Spacing looks o.k. to me if it will be enclosed by a cover plate. But check your lock & flat washers. I always use the lock washer under the nut with a flat washer against the lug.


----------



## frodus (Apr 12, 2008)

It looks OK, but I think you could get some more clearance by doing the following:
[*]Put the right lug on the outside of the terminal, and leave the threaded end facing right.
[*]On the left lug, put the threaded end of the bolt facing outward. 

If you want to, you could get some sort of dielectric like fish paper. I can send you a small sheet if you want it. I won't be using it.


----------



## poprock (Apr 29, 2010)

Agree with Major.
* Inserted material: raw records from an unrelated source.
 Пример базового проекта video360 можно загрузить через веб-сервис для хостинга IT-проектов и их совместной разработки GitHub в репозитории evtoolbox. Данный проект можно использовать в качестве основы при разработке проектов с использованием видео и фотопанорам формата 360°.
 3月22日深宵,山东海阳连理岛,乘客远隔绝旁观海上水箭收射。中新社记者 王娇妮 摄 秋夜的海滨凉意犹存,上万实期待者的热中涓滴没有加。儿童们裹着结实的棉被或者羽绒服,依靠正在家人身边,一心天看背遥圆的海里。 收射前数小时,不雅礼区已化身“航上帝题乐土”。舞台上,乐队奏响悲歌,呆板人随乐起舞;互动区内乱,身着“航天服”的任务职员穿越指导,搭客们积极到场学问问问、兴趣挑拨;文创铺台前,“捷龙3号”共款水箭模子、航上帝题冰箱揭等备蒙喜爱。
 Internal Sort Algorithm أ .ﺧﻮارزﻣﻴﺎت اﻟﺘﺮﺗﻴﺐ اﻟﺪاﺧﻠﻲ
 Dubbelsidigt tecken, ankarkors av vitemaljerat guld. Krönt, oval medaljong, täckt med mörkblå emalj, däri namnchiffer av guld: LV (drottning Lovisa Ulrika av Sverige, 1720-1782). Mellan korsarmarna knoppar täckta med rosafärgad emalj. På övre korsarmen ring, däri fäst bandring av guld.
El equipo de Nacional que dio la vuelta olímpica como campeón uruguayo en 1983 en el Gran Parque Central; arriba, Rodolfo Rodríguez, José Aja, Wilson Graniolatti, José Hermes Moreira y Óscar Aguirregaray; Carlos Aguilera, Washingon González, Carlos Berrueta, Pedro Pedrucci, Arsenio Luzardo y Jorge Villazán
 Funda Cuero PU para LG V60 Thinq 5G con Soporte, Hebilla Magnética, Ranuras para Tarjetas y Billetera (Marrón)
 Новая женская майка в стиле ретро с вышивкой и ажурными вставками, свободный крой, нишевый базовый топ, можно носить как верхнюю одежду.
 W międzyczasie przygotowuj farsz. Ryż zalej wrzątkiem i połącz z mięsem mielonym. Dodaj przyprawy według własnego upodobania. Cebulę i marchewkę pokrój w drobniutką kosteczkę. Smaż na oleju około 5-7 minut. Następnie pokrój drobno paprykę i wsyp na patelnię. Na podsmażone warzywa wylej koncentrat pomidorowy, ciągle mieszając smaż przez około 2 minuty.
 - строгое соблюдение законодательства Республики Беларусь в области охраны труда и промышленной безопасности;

The neg terminal would be correct with a flat washer added under the bolt head.


----------



## dragonsgate (May 19, 2012)

sabahtom said:


> I had to use thicker crimp lugs than expected in the DMOC controller. With the required 3 threads protruding at the end of the bolts, there's only 9mm between the negative DC and one of the 3 AC phases. The DC is 312v nominal.
> 
> If I understand rightly there should not be much risk of arcing between Phase C and the Negative terminal in the picture, because the AC output is high frequency and there would be a very short window for a voltage to develop between them?
> 
> ...


I would do like was suggested and turn the one bolt on the left pointing away from the other. Just to be on the safe side you could put some insolating caps over the connections. Is that electricians tape around the cable lugs?


----------



## steven4601 (Nov 11, 2010)

No direct need for changes there, however if you insist, you can apply PET / Kapton or any other tape that has a dielectric rating other than duct/gift-tape .
Or coat the surfaces with conformal coating / PU.


----------



## dragonsgate (May 19, 2012)

steven4601 said:


> No direct need for changes there, however if you insist, you can apply PET / Kapton or any other tape that has a dielectric rating other than duct/gift-tape .
> Or coat the surfaces with conformal coating / PU.


I was just wondering because some electrician tapes tend to dry out or get gooey after time and comes on wrapped.


----------



## sabahtom (Mar 1, 2011)

_Is that electricians tape around the cable lugs?

_Thanks for mentioning the tape - it is electrician's tape, but it's 3M at $10 per roll so I hope it's good enough. I didn't have a hot air gun on the day so couldn't shrinkwrap it.

_I would do like was suggested and turn the one bolt on the left pointing away from the other. Just to be on the safe side you could put some insolating caps over the connections._

The bolt on the left would be phase C, good suggestion to turn it around. There's a better gap between the AC terminals so I'll turn bolt C around and look for some solid insulating caps.
_
Spacing looks o.k. to me if it will be enclosed by a cover plate. But check your lock & flat washers. I always use the lock washer under the nut with a flat washer against the lug. _

It has a cover plate. I'll fix the washers thanks.


----------